Idee già chiare invece tra gli esponenti del gruppo Unione per Siniscola e Zente nova che vede nei banchi dell’opposizione Antonio Satta e Caterina Floris «dopo cinque anni di passi indietro e una pessima amministrazione, le prossime comunali aprono lo scenario ad uno sconfinato campo di azione in grado di ridefinire le priorità e i bisogni, nonché restituire ai cittadini il potere reale di decidere delle proprie sorti – dicono i due consiglieri –. Attraversiamo una grave crisi economica e sociale e noi siamo attivi da tempo nel processo di unità di tutte le forze dell’area progressista, ambientalista, autonomista, democratica, indipendentista protese nello sforzo di lavorare ad un progetto condiviso».

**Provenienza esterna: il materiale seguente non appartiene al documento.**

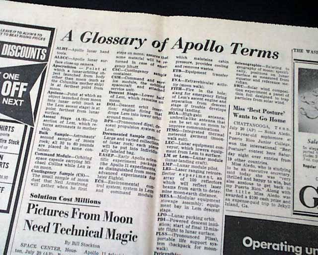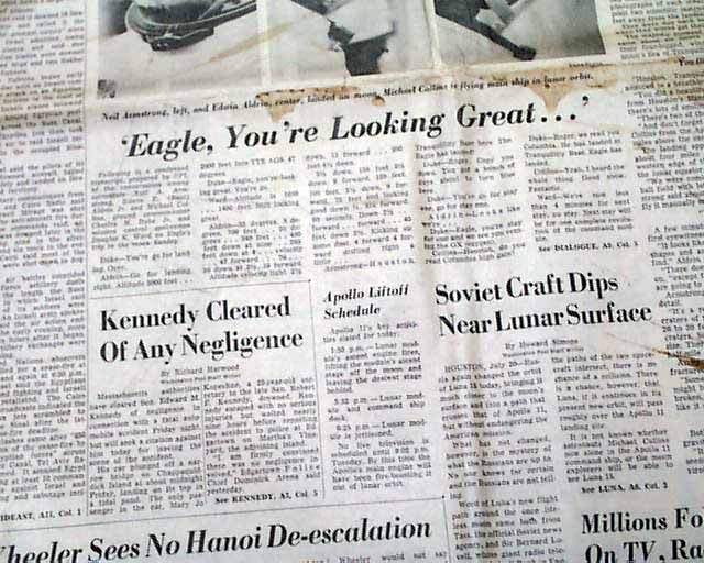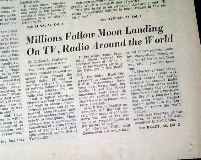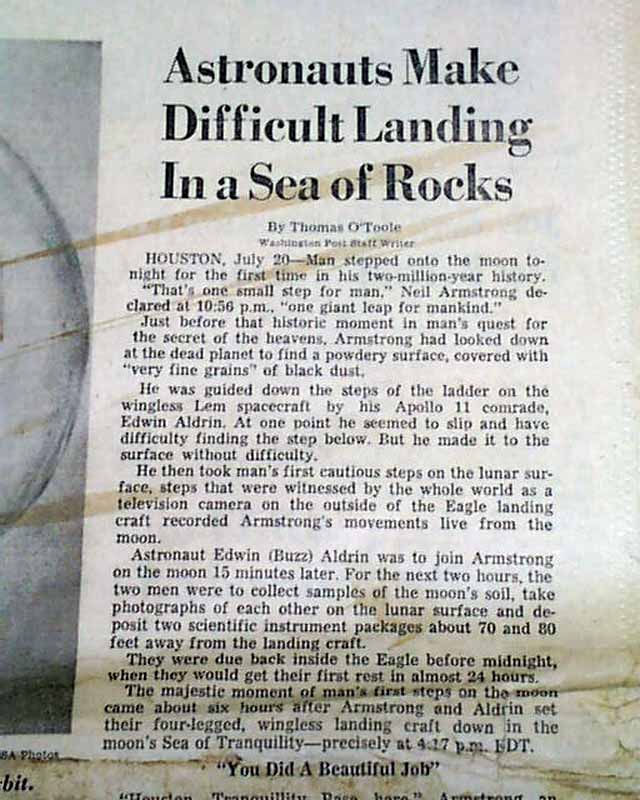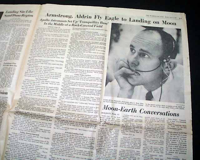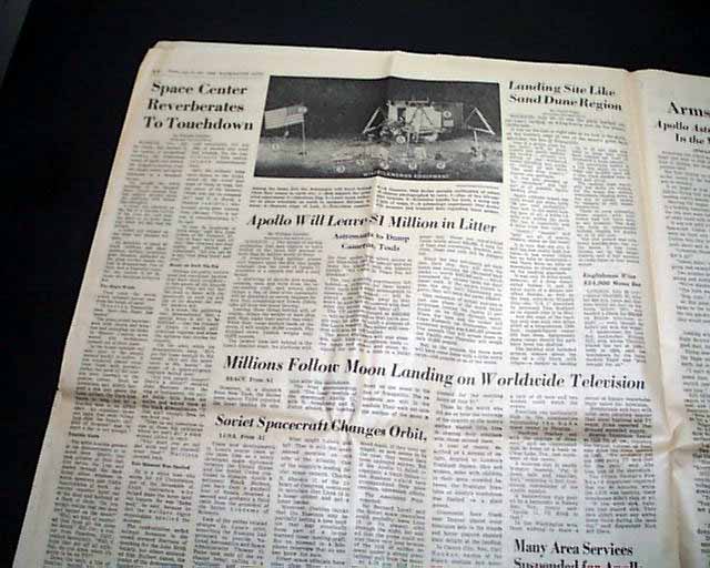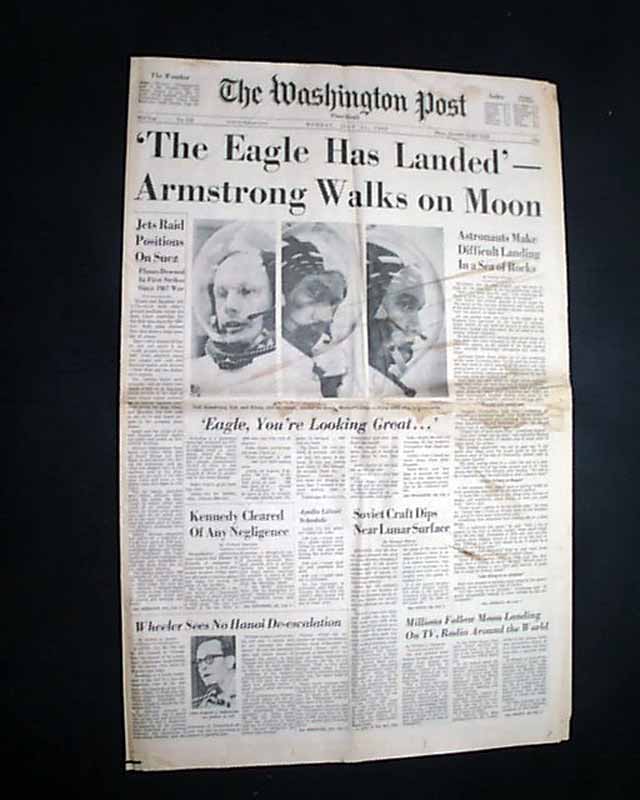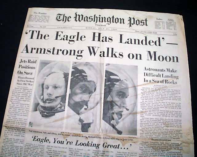 THE WASHINGTON POST, July 21, 1969 The banner headline proclaims: " 'The Eagle Has Landed' -- Armstrong Walks On Moon" with various related subheads and front page photos of Armstrong, Aldrin, and Collins. Great to have this historic event in a newspaper from the nation's capital.
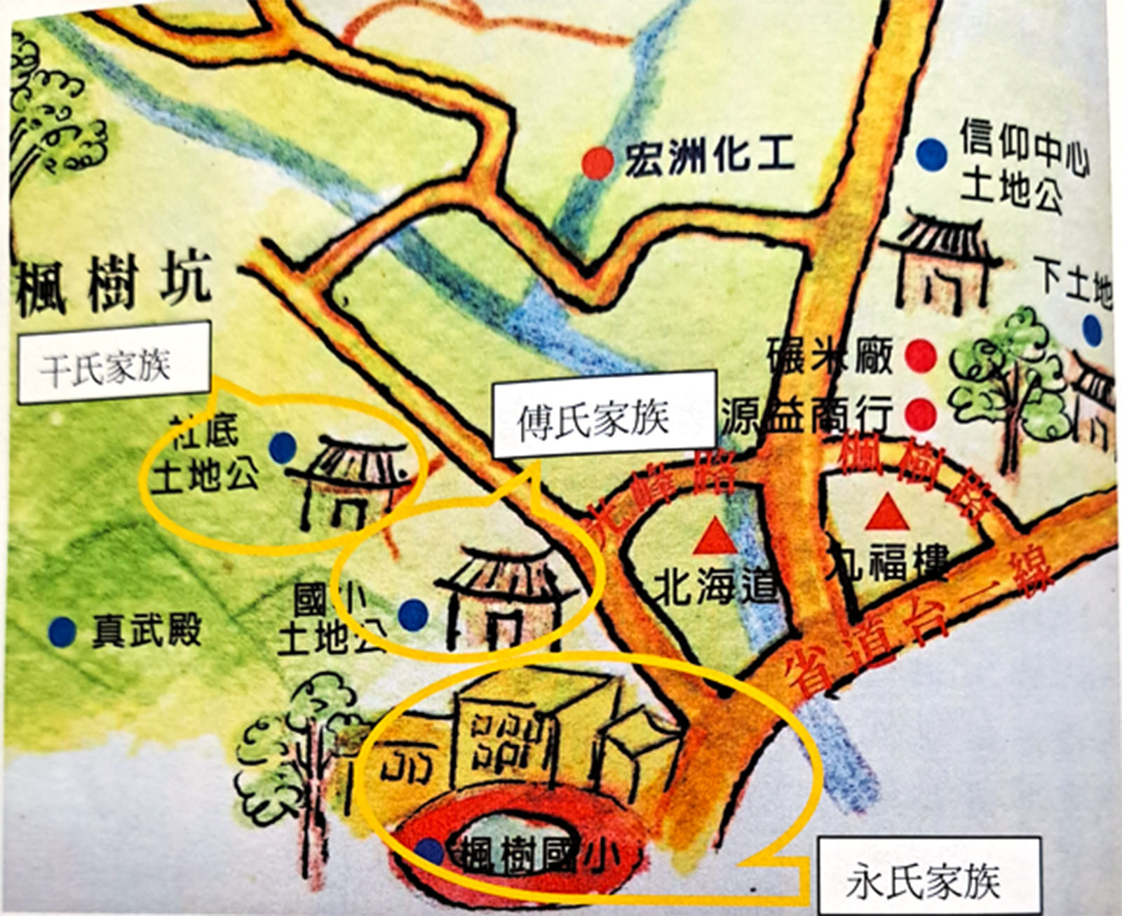龜崙社末代頭目永媽隆古厝,位於龜山區楓樹坑(今楓樹里)社底。永媽隆(1869-1936)為龜崙社「番差」永干養之孫,於明治31年(1898)承接兄長永坤隆之龜崙社頭目職務。大正7年(1918),捐獻1甲多土地給龜崙口公學校(今龜山國小)。永媽隆故居為一土墼厝的三合院古厝,正面牆壁漆上白漆,兩旁設有防盜槍口。永媽隆之子永槐蘭在此設有私塾,其孫永成章也在此成長,自其子孫永深淵於30多年前搬離後而閒置。古厝距今已有150年的歷史。 永媽隆故居後方有一座三粒石土地公,平常初1、15永家族親會來祭拜。除了對古樹和石頭的崇拜之外,更有著祭拜祖先的作用。永家會在每年農曆2月初2設立公堂,各地親人回來祭祀祖先。 清代臺灣平埔族漢化後,最容易接受的神明之一就是漢人的土地公信仰。閩粵地區漢人的土地公形象—大樹下的一顆石頭,跟平埔族的祖靈信仰—石頭公、樹王公類似。後來隨著漢化,石頭公和樹王公與漢人的土地公信仰結合,融合成目前臺灣人的土地公信仰。戰後時期楓樹坑被劃入保護區,禁止開發,所以還保留自然農業景觀,和一些比較原始的人文歷史形象(仍保有許多的三粒石土地公),反而成為一處觀察人文歷史痕跡的好所在。 參考資料: 桃園市文化創意觀光協會《番社采風龜崙社文化祭》 陳雨嵐著《台灣的原住民》,台北縣新店市:遠足文化,民93,頁34~頁37。

L’obiettivo è quindi chiaro, fare del secondo centro del Nuorese una cittadina all’altezza del suo ruolo. «Vogliamo partire dalla riqualificazione di strade e piazze – spiegano Satta e Floris – del verde e del centro storico per arrivare al potenziamento degli interventi nel campo sociale, culturale economico-occupazionale per migliorare la qualità della vita restituendo bellezza e dignità agli spazi cittadini. Siniscola e i centri di La Caletta, Santa Lucia, Capo Comino – concludono – offrono ampi spazi di rafforzamento e crescita di un sistema di strutture associative delle imprese pastorizie, agricole e agroalimentari per il quale esistono sicuramente ampie possibilità di consolidamento. Bandi aperti possono produrre posti di lavoro al rifugio S’Adde, campeggio Le Ginestre, l’ex colonia di Capo Comino, le terre di Su Gattu e l’ex centro polivalente. Siamo convinti che dalla crisi se ne esca socializzando e ampliando le opportunità di lavoro per una migliore redistribuzione del reddito a favore di una crescita collettiva».